Prosecution for attempt rather than completed crime, §939.32, comes within the general limitation period in § 939.74(1). Therefore, although prosecution for homicide may be commenced at any time, § 939.74(2)(a), Larson’s prosecution for attempted first-degree intentional homicide had to be commenced within 6 years, and must be dismissed as untimely.
The court concludes that § 939.74(2)(a) is ambiguous on this point, and its ensuing analysis contains three points.
- Statutory history.The statutes have always treated a completed homicide (historically: “murder”) differently from attempt for limitation-period purposes. The 1988 revision, which reflects the current version, didn’t effect any change in this respect, ¶11.
- Foreign authority. People v. Edwards, 434 N.E.2d 1179 (Ill. App. Ct. 1982); Lamb v. Coursey, 243 P.3d 130 (Or. Ct. App. 2010): “Both cases conclude that, when the statute of limitations explicitly mentions the completed crime, but not the attempt, the statute does not apply to a prosecution for the attempted crime,” ¶12.

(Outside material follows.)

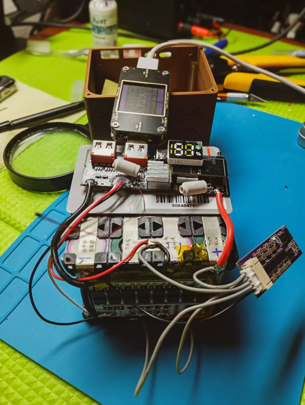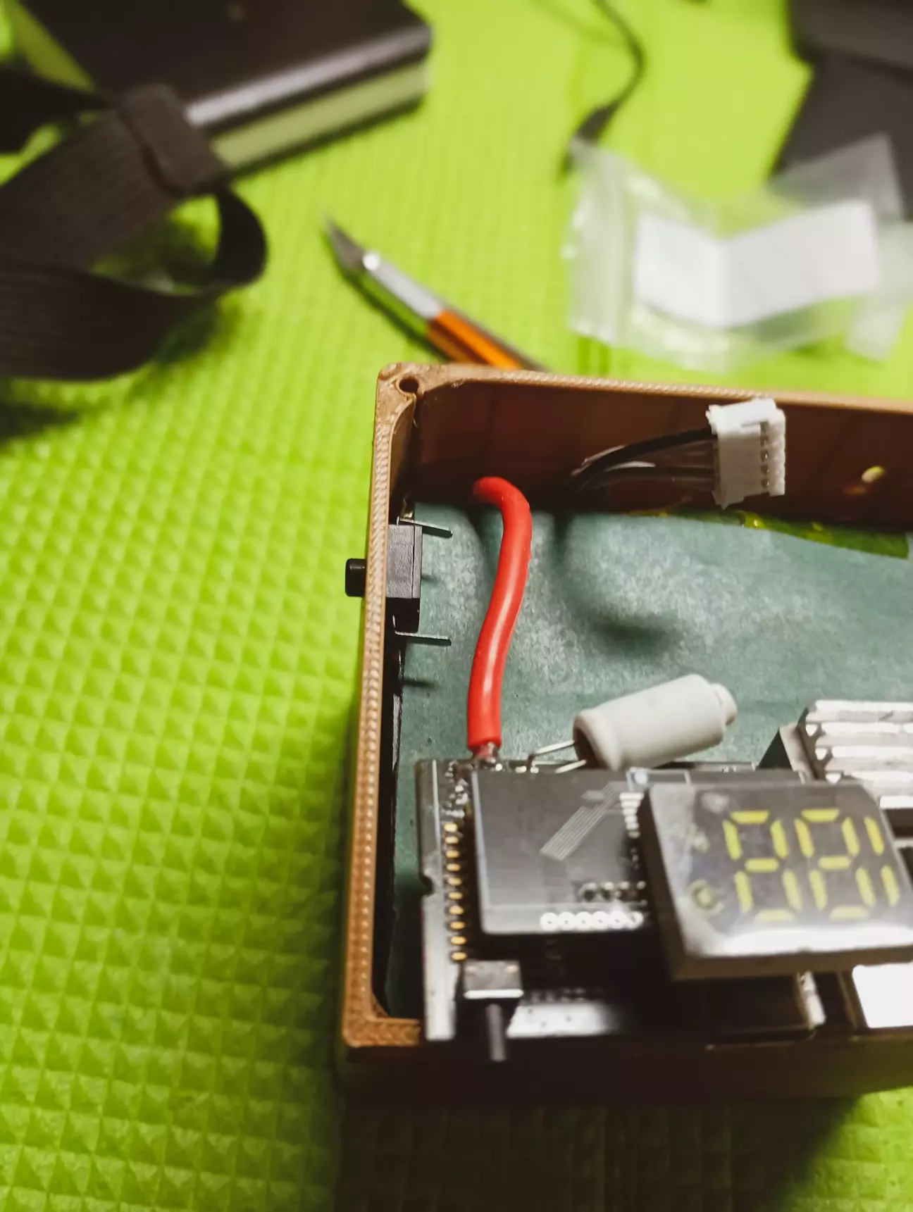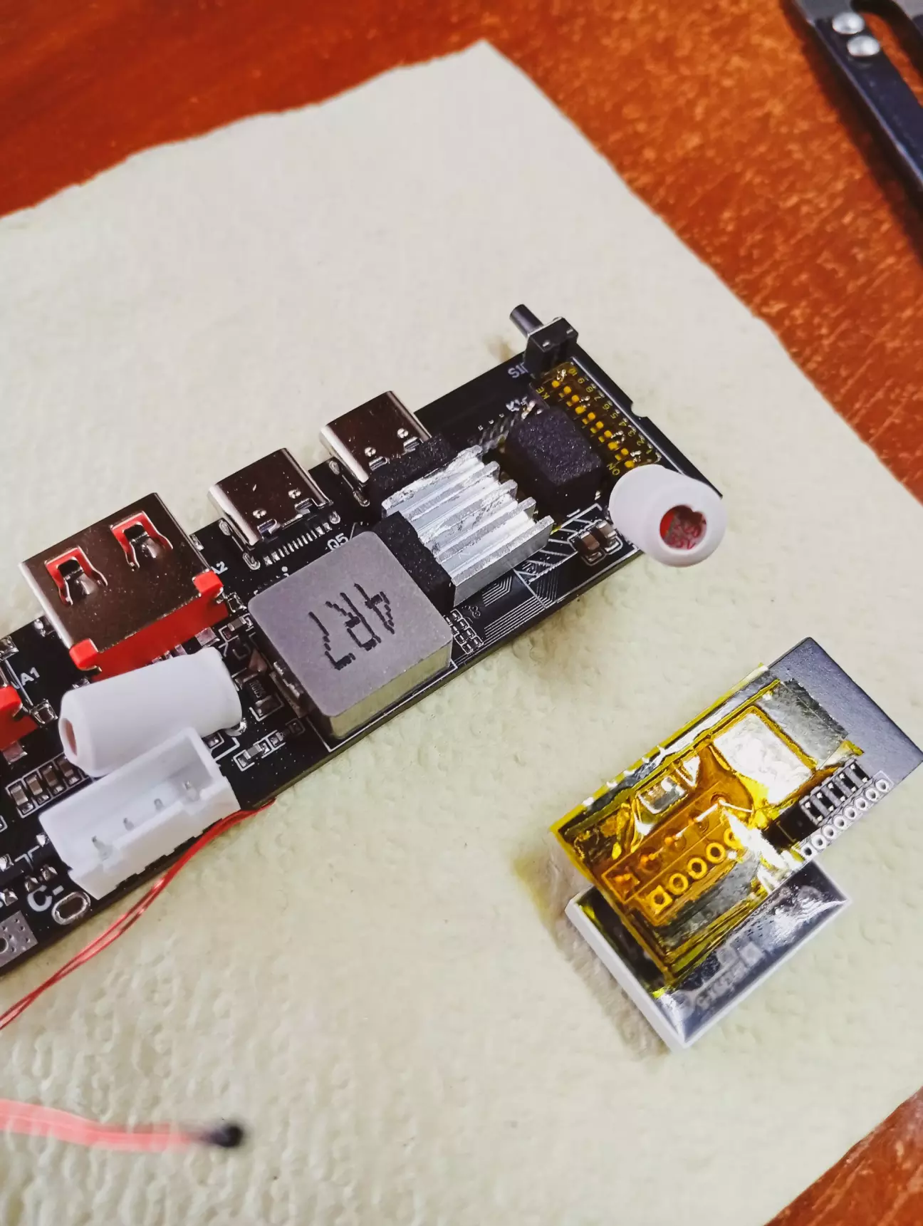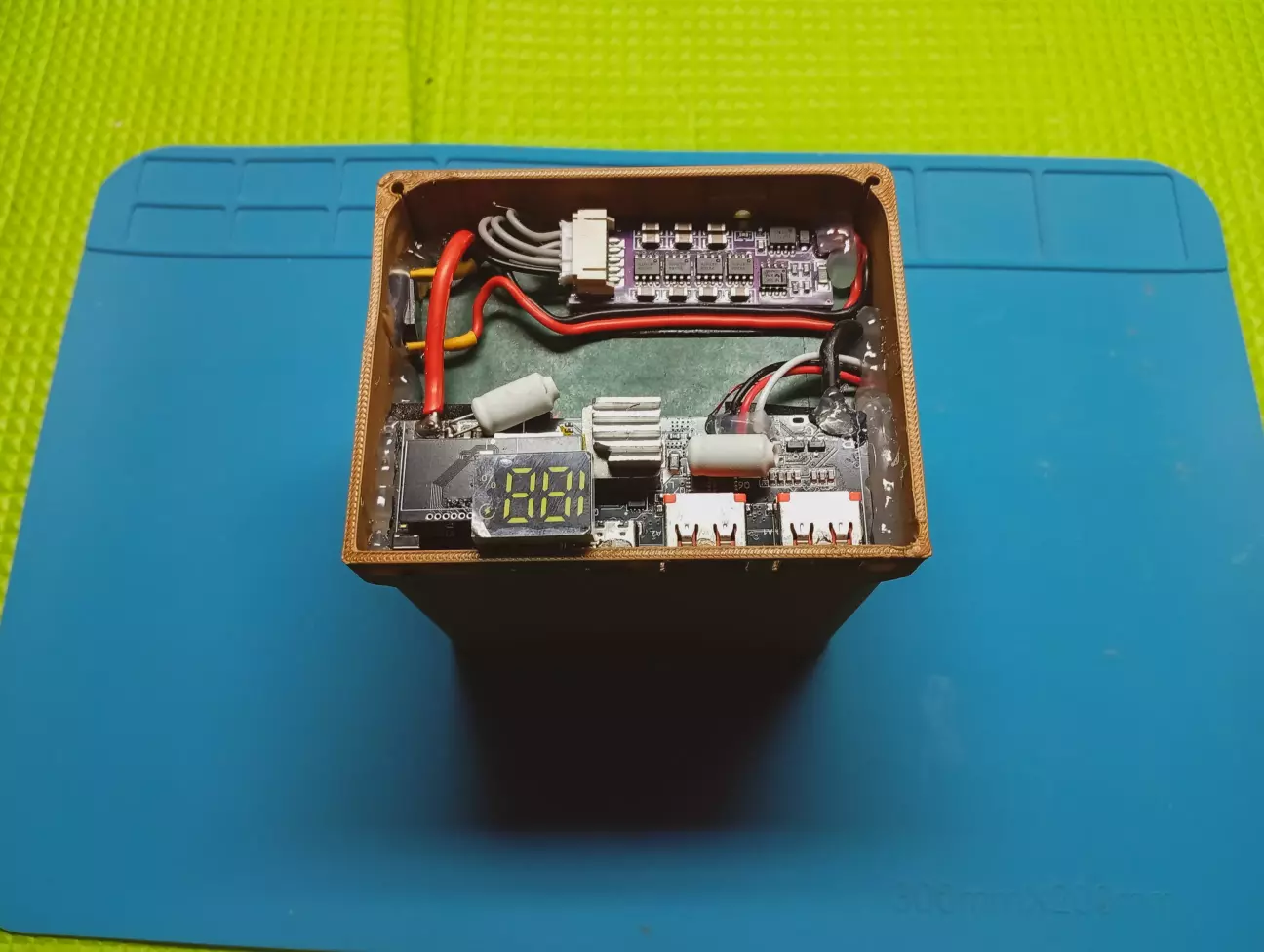 На платі павербанку, прийшлося випаяти фішку монітора, так як не влазить в корпус, дроти з неї впираються в кришку

- Penalty structure. “If the legislature views completed first-degree intentional homicide as more serious than attempted first-degree intentional homicide for sentencing purposes, it is logical to conclude the legislature also views the completed offense as more serious for statute of limitations purposes. It therefore follows that the legislature intended the attempted crime to have a shorter statute of limitations than the completed crime, which is one of only a small number of offenses that may be prosecuted at any time,” ¶15.